* [Your goal] Although the data below contains pictures, output only the lines between those holding "Figura 3 – Postazione" and "PHOTON NEWS DEOGHAR", inclusive, exactly and without those pictures.

Dataset excerpts:
____________

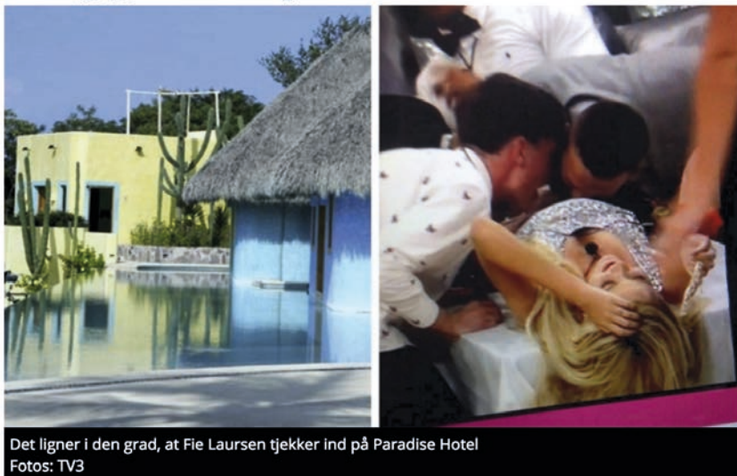
BILLEDER: SPEKULATIONER I ARTIKEL FRA SE OG HØR 50
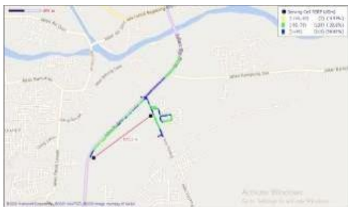
Gambar 8. Hasil pengukuran pada sektor 3 untuk FDD

Sedangkan pada sektor terakhir dengan azimuth 240 derajat didapatkan jangkauan coverage area sebesar 872.1 meter dengan bandwidth pada cell tersebut sebesar 15 MHz. Hasil pengukuran dapat dilihat pada gambar 8.
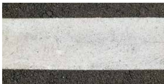
▲ 施工から2年経過した 3Lコート (拡大)
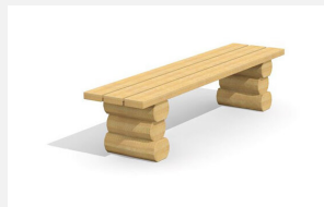
BT.031.H Hockerbank Legno
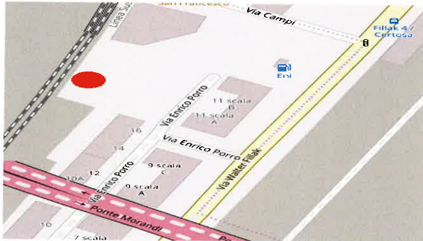
Figura 3 – Postazione levante a Nord (44.425934 N, 8.890475 E) – PPN2 - A3
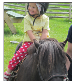
Gøy for barn
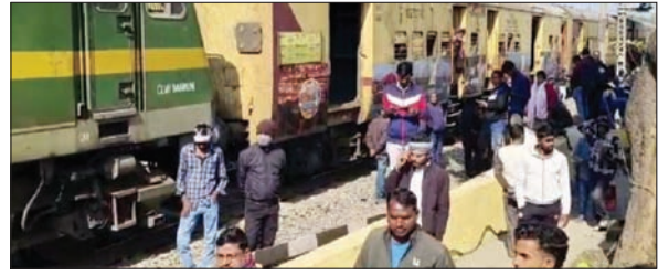
घटनास्थल पर लुटी गौड़

PHOTON NEWS DEOGHAR : देवघर जिले में गुरुवार की सुबह एक बड़ा रेल हादसा होत-होते टल गया। हावड़ा-झरखंडीमुख मार्ग पर रोहिणी नावाडीह फाटक के पास उस समय अफरातफरी मच गई, जब गोरखपुर-आसनसोल पैसंजर ट्रेन की एक ट्रक से जोरदार टक्कर हो गई। घटना ने रेलवे सुरक्षा व्यवस्था और फाटक संचालन को लेकर गंभीर सवाल खड़े कर दिए हैं। हादसे में दो बाइक सवार गंभीर रूप से घायल हुए हैं, जबकि रेल और सड़क यातायात कुछ समय के लिए पूरी तरह ठप हो गया। प्रत्यक्षदर्शियों और प्रारंभिक जानकारी के अनुसार, यह दुर्घटना उस समय हुई जब जसीडीह की ओर से आसनसोल का जही गोरखपुर-आसनसोल ट्रेन अपने निर्धारित मार्ग पर थी। उसी दौरान देवघर से देवीपुर की ओर जा रहा
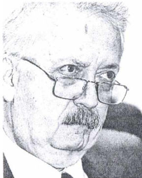
Από αριστερά: Αποχωρεί ύστερα από έξι χρόνια στην προεδρία του Αρείου Πάγου ο κ. Στ. Ματθίας. Ο υπουργός Δικαιοσύνης κ. Φ. Πετσάλνικος έχει ήδη ολοκληρώσει τη μελέτη όλων των υπηρεσιακών φακέλων των ανώτατων δικαστικών λειτουργιών, ενώ ο γενικός γραμματέας του Υπουργικού Συμβουλίου κ. Σ. Κοσμίδης συζητάει με στελέχη της Νέας Δημοκρατίας τις προτάσεις του κόμματός τους

Η αναστάση στελεχών της με τον υπουργό Δικαιοσύνης αλλά και με τον γενικό γραμματέα του Υπουργικού Συμβουλίου κ. Σωκράτη Κοσμίδη είχαν ακριβώς αυτό τον στόχο. Να δηλώσει εκ των προτέρων το κόμμα της αξιωματικής αντιπολίτευσης τις θέσεις του και τις απόψεις του επί του θέματος.
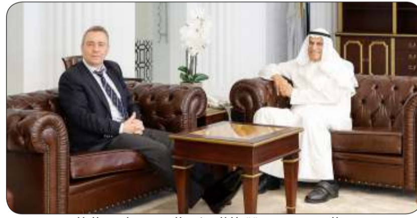
السعدون مستقبلا السفير الروسي لدى البلاد

استقبل رئيس مجلس الأمة أحمد السعدون في مكتبه أمس الثلاثاء سفير جمهورية روسيا الاتحادية لدى دولة الكويت فلاديمير جيلتوف.
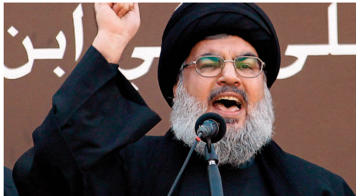
Nasrallah llevaba más de 30 años al frente de Hezbollah.

Fue en medio de un ataque aéreo nocturno de precisión contra el cuartel general del grupo libanés. Allí estaban reunidos los máximos dirigentes, incluido su líder desde hace más de 30 años. «Seguiremos la guerra santa contra el enemigo y en apoyo de Palestina», respondió el movimiento terrorista.

____________

* [Answer to the exercise]
Figura 3 – Postazione levante a Nord (44.425934 N, 8.890475 E) – PPN2 - A3
Gøy for barn
घटनास्थल पर लुटी गौड़

PHOTON NEWS DEOGHAR : देवघर जिले में गुरुवार की सुबह एक बड़ा रेल हादसा होत-होते टल गया। हावड़ा-झरखंडीमुख मार्ग पर रोहिणी नावाडीह फाटक के पास उस समय अफरातफरी मच गई, जब गोरखपुर-आसनसोल पैसंजर ट्रेन की एक ट्रक से जोरदार टक्कर हो गई। घटना ने रेलवे सुरक्षा व्यवस्था और फाटक संचालन को लेकर गंभीर सवाल खड़े कर दिए हैं। हादसे में दो बाइक सवार गंभीर रूप से घायल हुए हैं, जबकि रेल और सड़क यातायात कुछ समय के लिए पूरी तरह ठप हो गया। प्रत्यक्षदर्शियों और प्रारंभिक जानकारी के अनुसार, यह दुर्घटना उस समय हुई जब जसीडीह की ओर से आसनसोल का जही गोरखपुर-आसनसोल ट्रेन अपने निर्धारित मार्ग पर थी। उसी दौरान देवघर से देवीपुर की ओर जा रहा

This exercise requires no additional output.